══ RECORDS

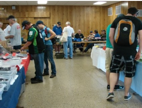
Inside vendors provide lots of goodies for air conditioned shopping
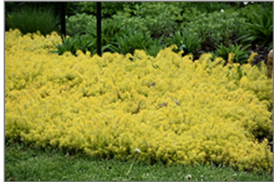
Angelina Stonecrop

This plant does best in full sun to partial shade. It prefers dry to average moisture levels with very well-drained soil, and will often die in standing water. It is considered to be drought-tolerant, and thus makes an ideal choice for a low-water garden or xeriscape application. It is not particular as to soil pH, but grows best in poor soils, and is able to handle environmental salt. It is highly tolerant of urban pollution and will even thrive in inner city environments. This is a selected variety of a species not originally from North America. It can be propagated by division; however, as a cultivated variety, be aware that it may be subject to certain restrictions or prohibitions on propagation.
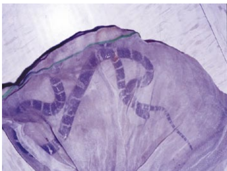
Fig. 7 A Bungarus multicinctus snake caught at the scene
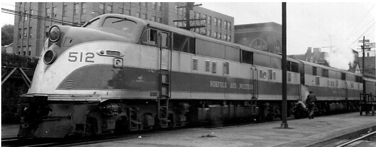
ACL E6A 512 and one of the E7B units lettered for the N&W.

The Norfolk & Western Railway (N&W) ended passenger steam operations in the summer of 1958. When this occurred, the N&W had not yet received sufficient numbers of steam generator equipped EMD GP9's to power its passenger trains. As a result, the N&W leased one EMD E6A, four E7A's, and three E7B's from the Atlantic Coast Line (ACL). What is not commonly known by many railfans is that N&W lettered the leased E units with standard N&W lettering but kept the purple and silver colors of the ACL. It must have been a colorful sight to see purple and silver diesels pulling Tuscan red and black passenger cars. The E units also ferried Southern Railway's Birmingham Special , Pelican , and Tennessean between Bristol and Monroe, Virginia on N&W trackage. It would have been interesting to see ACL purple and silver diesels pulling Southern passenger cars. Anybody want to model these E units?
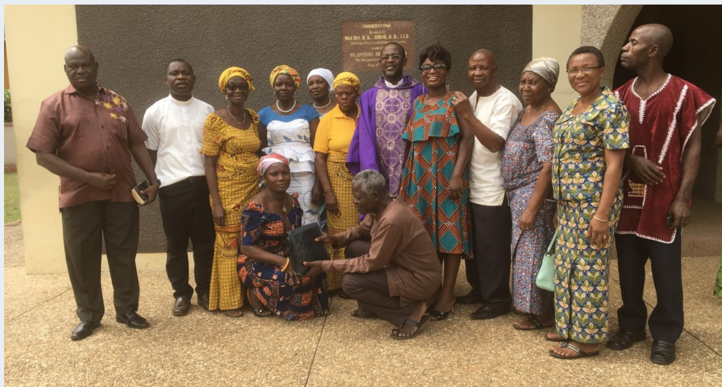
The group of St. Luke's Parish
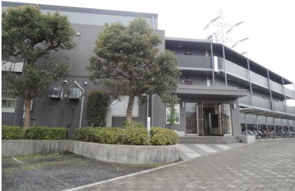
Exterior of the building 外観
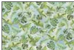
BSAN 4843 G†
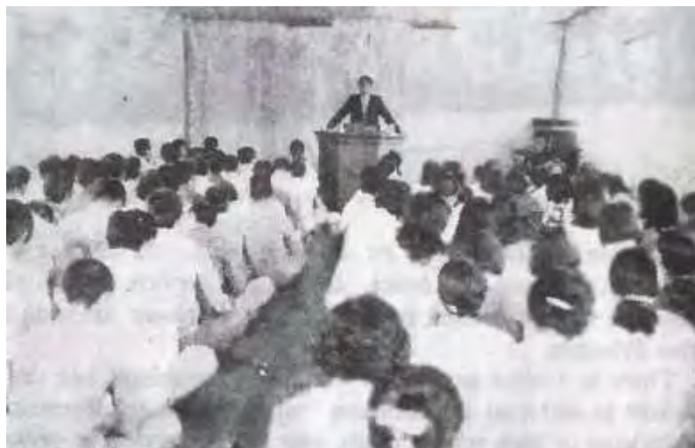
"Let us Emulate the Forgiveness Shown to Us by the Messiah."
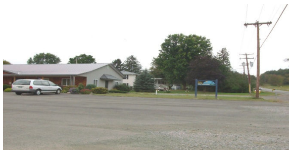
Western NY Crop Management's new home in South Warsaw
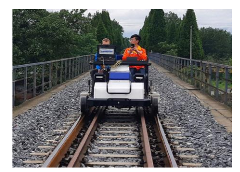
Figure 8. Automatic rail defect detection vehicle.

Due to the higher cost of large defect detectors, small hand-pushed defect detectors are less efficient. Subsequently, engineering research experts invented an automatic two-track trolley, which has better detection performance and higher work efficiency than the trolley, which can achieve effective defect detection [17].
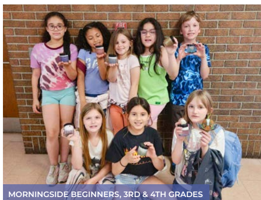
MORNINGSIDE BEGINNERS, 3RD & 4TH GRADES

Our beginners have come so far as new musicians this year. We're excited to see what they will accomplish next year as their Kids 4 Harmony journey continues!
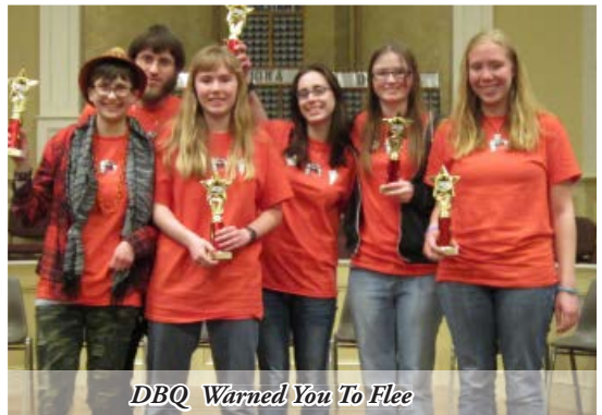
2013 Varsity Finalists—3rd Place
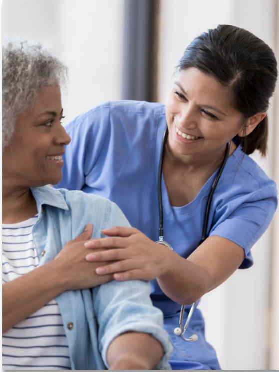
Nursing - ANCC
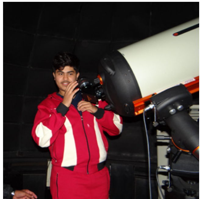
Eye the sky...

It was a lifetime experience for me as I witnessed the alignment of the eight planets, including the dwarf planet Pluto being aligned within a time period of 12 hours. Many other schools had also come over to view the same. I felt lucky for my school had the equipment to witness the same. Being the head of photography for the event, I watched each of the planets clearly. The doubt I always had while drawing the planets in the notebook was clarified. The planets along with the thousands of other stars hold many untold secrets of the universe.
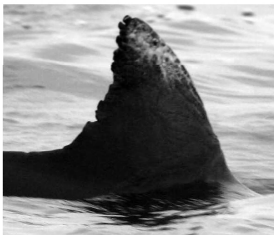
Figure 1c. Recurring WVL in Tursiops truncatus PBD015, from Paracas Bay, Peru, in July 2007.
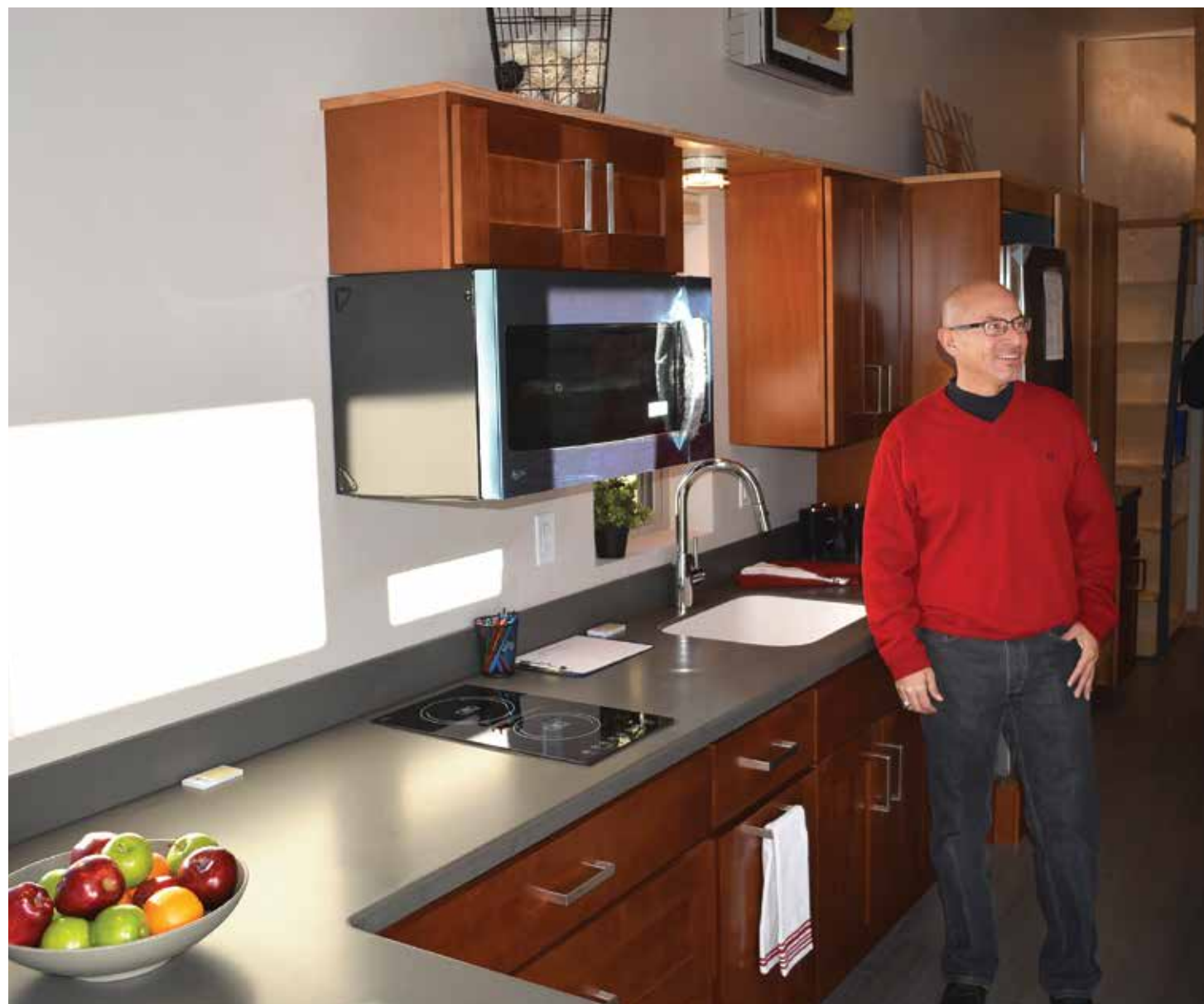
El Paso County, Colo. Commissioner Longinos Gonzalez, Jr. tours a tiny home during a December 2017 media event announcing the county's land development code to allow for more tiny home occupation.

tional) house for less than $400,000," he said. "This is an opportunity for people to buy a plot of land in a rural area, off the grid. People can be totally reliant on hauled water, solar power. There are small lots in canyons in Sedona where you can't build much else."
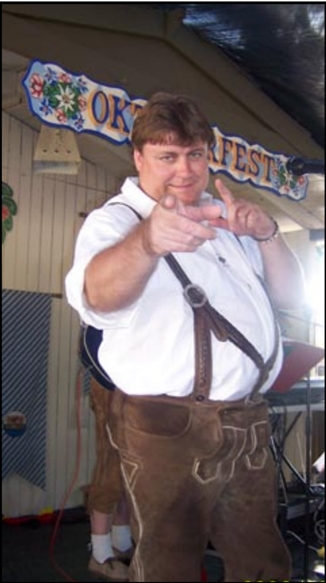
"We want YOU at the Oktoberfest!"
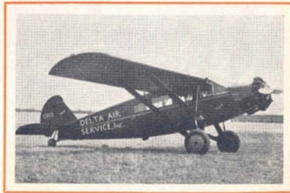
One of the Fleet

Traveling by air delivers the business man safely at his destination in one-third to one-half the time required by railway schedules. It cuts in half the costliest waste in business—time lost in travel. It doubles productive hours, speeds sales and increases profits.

════

TASK ITEM:
No picture is to be printed. Output exactly the lines above from the line containing "Figure 8. Automatic" through the line containing "One of the Fleet".

SOLUTION TO THIS EXERCISE:
Figure 8. Automatic rail defect detection vehicle.

Due to the higher cost of large defect detectors, small hand-pushed defect detectors are less efficient. Subsequently, engineering research experts invented an automatic two-track trolley, which has better detection performance and higher work efficiency than the trolley, which can achieve effective defect detection [17].
MORNINGSIDE BEGINNERS, 3RD & 4TH GRADES

Our beginners have come so far as new musicians this year. We're excited to see what they will accomplish next year as their Kids 4 Harmony journey continues!
2013 Varsity Finalists—3rd Place
Nursing - ANCC
Eye the sky...

It was a lifetime experience for me as I witnessed the alignment of the eight planets, including the dwarf planet Pluto being aligned within a time period of 12 hours. Many other schools had also come over to view the same. I felt lucky for my school had the equipment to witness the same. Being the head of photography for the event, I watched each of the planets clearly. The doubt I always had while drawing the planets in the notebook was clarified. The planets along with the thousands of other stars hold many untold secrets of the universe.
Figure 1c. Recurring WVL in Tursiops truncatus PBD015, from Paracas Bay, Peru, in July 2007.
El Paso County, Colo. Commissioner Longinos Gonzalez, Jr. tours a tiny home during a December 2017 media event announcing the county's land development code to allow for more tiny home occupation.

tional) house for less than $400,000," he said. "This is an opportunity for people to buy a plot of land in a rural area, off the grid. People can be totally reliant on hauled water, solar power. There are small lots in canyons in Sedona where you can't build much else."
"We want YOU at the Oktoberfest!"
One of the Fleet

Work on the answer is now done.